DIRECTIONS:
Exact transcription, pictures omitted: reproduce the listing below.
───── EXERCISE DATA ─────
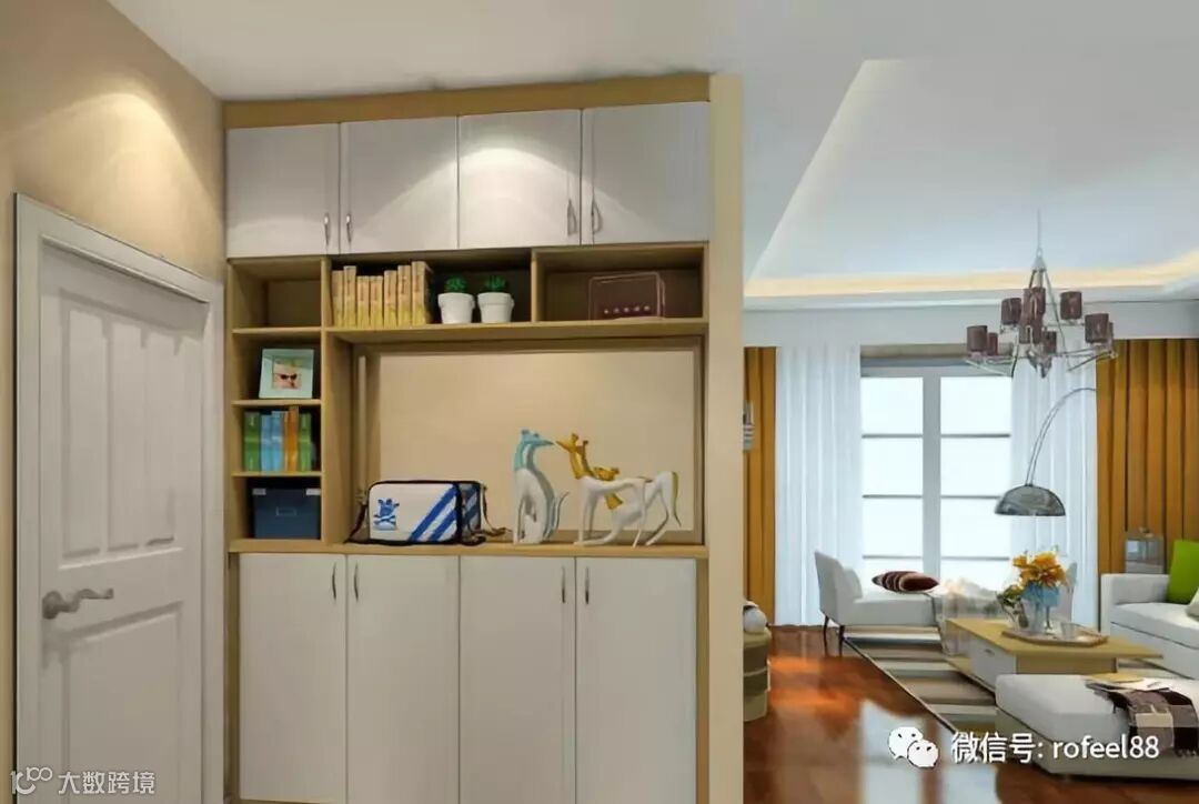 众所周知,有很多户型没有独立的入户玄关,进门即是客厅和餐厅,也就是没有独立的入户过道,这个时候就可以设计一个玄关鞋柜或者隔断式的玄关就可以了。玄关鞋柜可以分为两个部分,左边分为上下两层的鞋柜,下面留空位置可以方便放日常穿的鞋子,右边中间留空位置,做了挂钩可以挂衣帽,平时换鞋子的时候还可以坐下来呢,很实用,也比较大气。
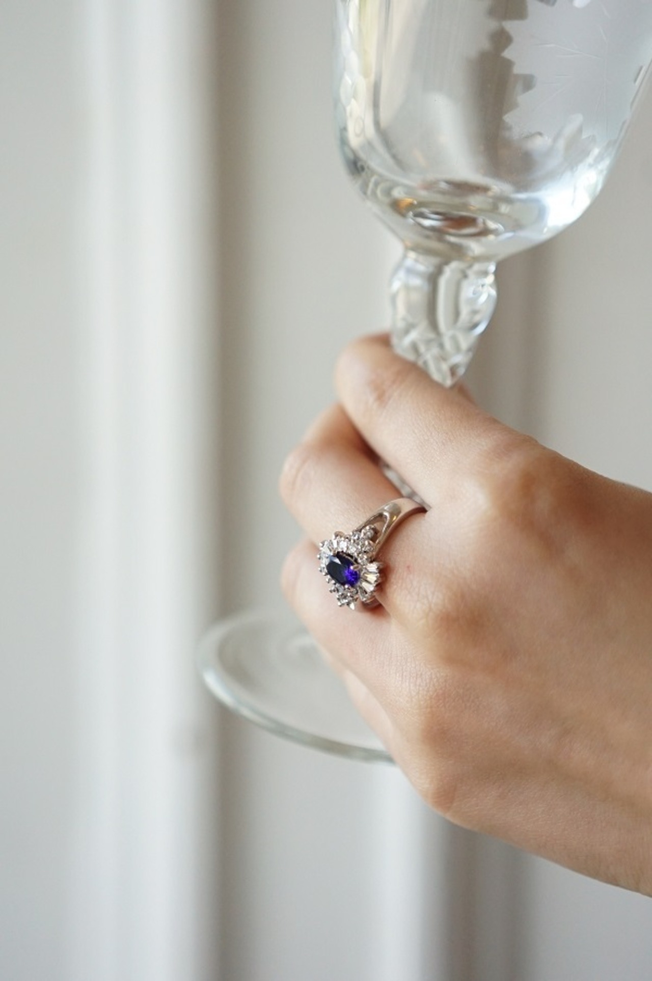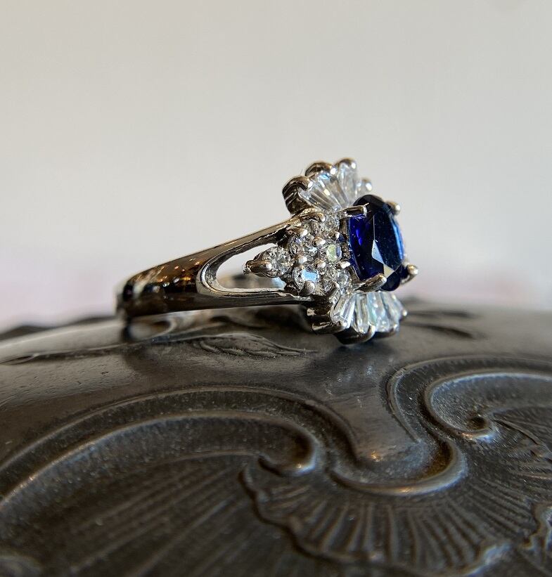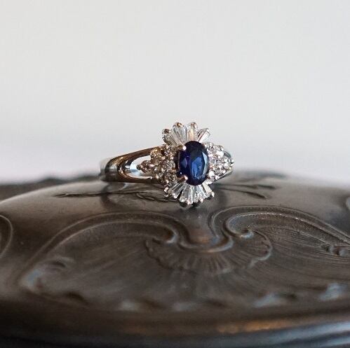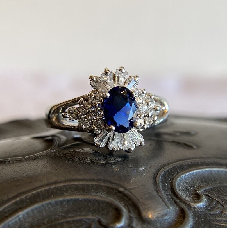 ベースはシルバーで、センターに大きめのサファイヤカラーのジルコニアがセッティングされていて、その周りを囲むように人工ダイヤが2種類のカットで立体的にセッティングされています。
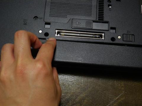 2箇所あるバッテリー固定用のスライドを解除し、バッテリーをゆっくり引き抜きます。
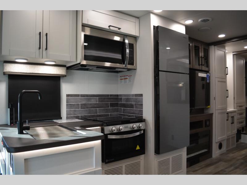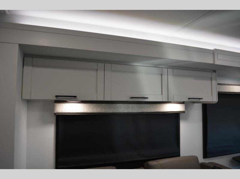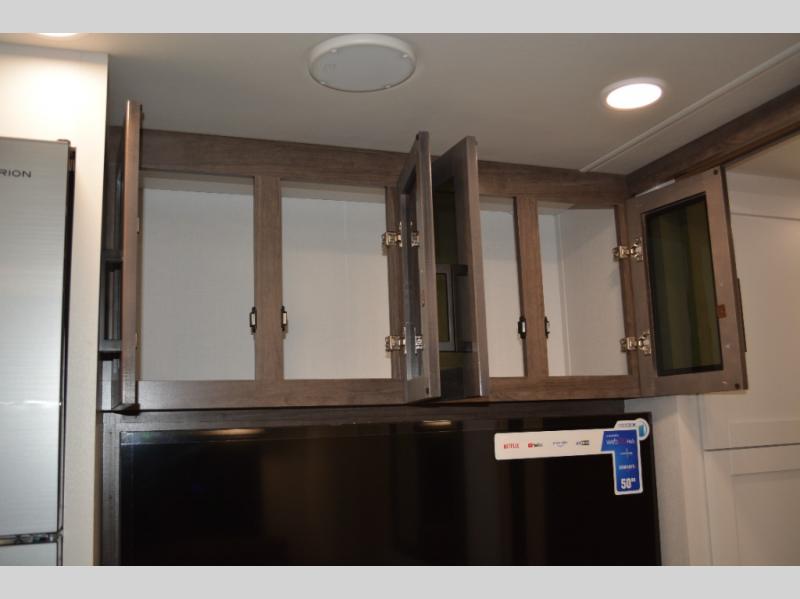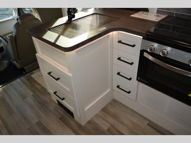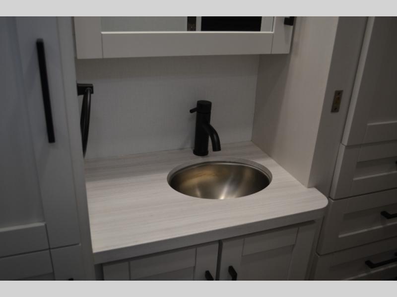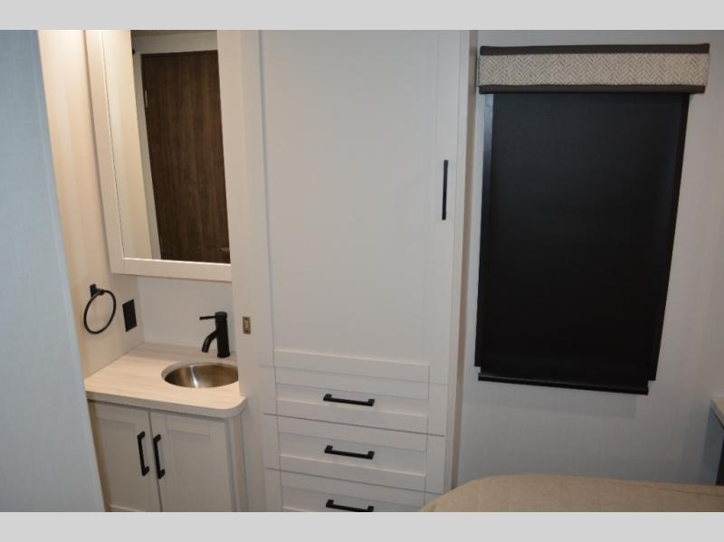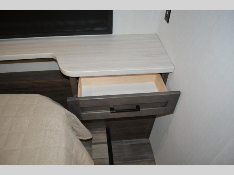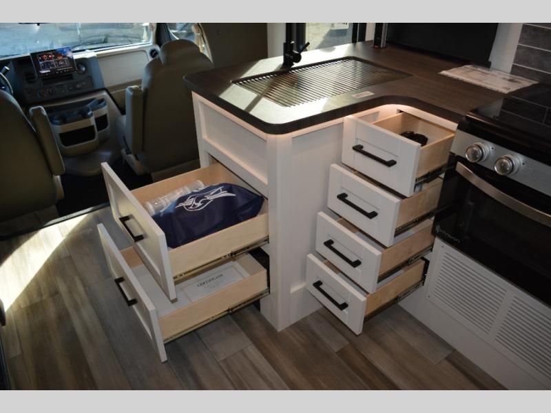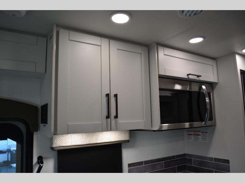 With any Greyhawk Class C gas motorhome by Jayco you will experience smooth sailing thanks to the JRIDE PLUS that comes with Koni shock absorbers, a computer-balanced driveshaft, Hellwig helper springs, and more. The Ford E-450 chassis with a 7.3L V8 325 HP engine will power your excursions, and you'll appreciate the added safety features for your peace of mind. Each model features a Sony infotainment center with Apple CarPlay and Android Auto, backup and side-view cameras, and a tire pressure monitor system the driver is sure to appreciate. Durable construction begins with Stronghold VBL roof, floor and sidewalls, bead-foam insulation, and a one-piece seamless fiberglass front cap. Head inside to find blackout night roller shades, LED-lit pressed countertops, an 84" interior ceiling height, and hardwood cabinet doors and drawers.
─────
ANSWER:
 众所周知,有很多户型没有独立的入户玄关,进门即是客厅和餐厅,也就是没有独立的入户过道,这个时候就可以设计一个玄关鞋柜或者隔断式的玄关就可以了。玄关鞋柜可以分为两个部分,左边分为上下两层的鞋柜,下面留空位置可以方便放日常穿的鞋子,右边中间留空位置,做了挂钩可以挂衣帽,平时换鞋子的时候还可以坐下来呢,很实用,也比较大气。
 ベースはシルバーで、センターに大きめのサファイヤカラーのジルコニアがセッティングされていて、その周りを囲むように人工ダイヤが2種類のカットで立体的にセッティングされています。
 2箇所あるバッテリー固定用のスライドを解除し、バッテリーをゆっくり引き抜きます。
 With any Greyhawk Class C gas motorhome by Jayco you will experience smooth sailing thanks to the JRIDE PLUS that comes with Koni shock absorbers, a computer-balanced driveshaft, Hellwig helper springs, and more. The Ford E-450 chassis with a 7.3L V8 325 HP engine will power your excursions, and you'll appreciate the added safety features for your peace of mind. Each model features a Sony infotainment center with Apple CarPlay and Android Auto, backup and side-view cameras, and a tire pressure monitor system the driver is sure to appreciate. Durable construction begins with Stronghold VBL roof, floor and sidewalls, bead-foam insulation, and a one-piece seamless fiberglass front cap. Head inside to find blackout night roller shades, LED-lit pressed countertops, an 84" interior ceiling height, and hardwood cabinet doors and drawers.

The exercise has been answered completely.